Hierarchical Timing Wheel

A simple timing wheel is a circular list of buckets of timer tasks. Let u be the time unit. A timing wheel with size n has n buckets and can hold timer tasks in n * u time interval. Each bucket holds timer tasks that fall into the corresponding time range. At the beginning, the first bucket holds tasks for [0, u), the second bucket holds tasks for [u, 2u), …, the n-th bucket for [u * (n -1), u * n). Every interval of time unit u, the timer ticks and moved to the next bucket after expiring all timer tasks in the current bucket. The emptied bucket is then available for the next round, so if the current bucket is for the time t, it becomes the bucket for [t + u * n, t + (n + 1) * u) after expiration. A timing wheel has O(1) cost for insert/delete (start-timer/stop-timer) whereas priority queue based timers, such as java.util.concurrent.DelayQueue and java.util.Timer, have O(log n) insert/delete cost.

A major drawback of a simple timing wheel is that it assumes that a timer request is within the time interval of n * u from the current time.

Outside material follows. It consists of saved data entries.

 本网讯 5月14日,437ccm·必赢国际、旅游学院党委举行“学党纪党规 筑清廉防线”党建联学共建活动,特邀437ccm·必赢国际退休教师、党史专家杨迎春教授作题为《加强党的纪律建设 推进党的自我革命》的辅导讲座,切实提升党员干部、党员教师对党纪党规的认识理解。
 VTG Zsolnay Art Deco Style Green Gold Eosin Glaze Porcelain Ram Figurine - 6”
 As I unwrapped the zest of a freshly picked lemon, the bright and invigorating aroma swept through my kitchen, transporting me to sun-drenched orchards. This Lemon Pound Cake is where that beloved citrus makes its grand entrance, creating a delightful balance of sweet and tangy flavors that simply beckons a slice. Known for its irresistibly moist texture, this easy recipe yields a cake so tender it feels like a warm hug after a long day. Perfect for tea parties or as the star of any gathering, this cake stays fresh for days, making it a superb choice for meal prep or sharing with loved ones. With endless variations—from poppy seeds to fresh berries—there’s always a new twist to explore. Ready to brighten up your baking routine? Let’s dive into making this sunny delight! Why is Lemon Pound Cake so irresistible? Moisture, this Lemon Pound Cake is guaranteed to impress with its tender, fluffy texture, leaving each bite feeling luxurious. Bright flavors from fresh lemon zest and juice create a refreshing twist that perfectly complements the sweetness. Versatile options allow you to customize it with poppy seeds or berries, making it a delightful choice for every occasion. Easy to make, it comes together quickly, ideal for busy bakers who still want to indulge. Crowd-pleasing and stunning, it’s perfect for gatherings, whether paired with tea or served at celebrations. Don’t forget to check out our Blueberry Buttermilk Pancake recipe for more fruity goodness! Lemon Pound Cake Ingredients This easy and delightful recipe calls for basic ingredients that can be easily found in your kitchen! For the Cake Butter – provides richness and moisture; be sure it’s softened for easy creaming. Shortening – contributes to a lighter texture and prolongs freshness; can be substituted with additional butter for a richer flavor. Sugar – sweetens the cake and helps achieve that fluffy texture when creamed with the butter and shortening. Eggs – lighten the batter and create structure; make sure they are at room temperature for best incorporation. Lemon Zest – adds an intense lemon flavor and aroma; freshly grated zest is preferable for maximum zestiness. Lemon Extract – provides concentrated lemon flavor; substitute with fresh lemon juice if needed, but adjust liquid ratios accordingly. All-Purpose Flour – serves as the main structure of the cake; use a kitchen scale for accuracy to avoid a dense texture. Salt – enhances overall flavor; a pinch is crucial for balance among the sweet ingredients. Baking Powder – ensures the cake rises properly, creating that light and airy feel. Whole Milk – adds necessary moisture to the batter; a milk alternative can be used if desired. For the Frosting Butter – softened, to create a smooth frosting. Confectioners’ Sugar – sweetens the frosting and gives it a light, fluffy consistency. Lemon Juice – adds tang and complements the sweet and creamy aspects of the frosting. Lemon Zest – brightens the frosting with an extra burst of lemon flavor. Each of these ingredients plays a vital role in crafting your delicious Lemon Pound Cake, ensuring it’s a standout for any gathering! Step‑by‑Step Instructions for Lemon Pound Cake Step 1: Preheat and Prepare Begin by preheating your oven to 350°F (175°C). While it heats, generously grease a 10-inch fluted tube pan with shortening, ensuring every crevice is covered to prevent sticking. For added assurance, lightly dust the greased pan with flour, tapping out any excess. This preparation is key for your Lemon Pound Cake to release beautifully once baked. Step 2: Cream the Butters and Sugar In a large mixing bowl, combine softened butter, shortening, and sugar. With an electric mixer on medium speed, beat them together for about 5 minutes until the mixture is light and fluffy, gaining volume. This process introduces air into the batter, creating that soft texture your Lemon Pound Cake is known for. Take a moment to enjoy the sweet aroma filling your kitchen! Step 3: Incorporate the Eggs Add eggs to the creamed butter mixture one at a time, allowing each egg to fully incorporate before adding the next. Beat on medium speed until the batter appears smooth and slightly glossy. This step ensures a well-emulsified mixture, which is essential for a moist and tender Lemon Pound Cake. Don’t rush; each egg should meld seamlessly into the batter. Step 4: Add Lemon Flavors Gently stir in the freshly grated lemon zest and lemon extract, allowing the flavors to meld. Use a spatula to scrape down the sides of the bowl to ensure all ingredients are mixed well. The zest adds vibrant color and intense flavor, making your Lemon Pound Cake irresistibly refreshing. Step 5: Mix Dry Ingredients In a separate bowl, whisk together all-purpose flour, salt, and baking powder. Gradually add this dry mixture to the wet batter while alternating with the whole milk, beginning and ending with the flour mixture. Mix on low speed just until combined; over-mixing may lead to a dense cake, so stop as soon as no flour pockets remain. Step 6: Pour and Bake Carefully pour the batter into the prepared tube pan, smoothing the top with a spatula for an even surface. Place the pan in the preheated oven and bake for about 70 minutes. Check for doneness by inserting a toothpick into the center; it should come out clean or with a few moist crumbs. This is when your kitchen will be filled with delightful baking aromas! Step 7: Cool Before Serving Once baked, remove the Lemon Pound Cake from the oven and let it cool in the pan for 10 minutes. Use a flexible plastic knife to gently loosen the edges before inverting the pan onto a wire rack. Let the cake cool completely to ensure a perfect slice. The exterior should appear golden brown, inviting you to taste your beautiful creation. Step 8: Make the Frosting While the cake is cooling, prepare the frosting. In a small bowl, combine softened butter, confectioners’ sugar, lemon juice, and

If a timer request is out of this interval, it is an overflow. A hierarchical timing wheel deals with such overflows. It is a hierarchically organized timing wheels. The lowest level has the finest time resolution. As moving up the hierarchy, time resolutions become coarser. If the resolution of a wheel at one level is u and the size is n, the resolution of the next level should be n * u.  At each level overflows are delegated to the wheel in one level higher. When the wheel in the higher level ticks, it reinsert timer tasks to the lower level. A overflow wheel can be created on-demand.

The insert (start-timer) cost is O(m) where m is the number of wheels, which is usually small, and the delete (stop-timer) cost is still O(1). 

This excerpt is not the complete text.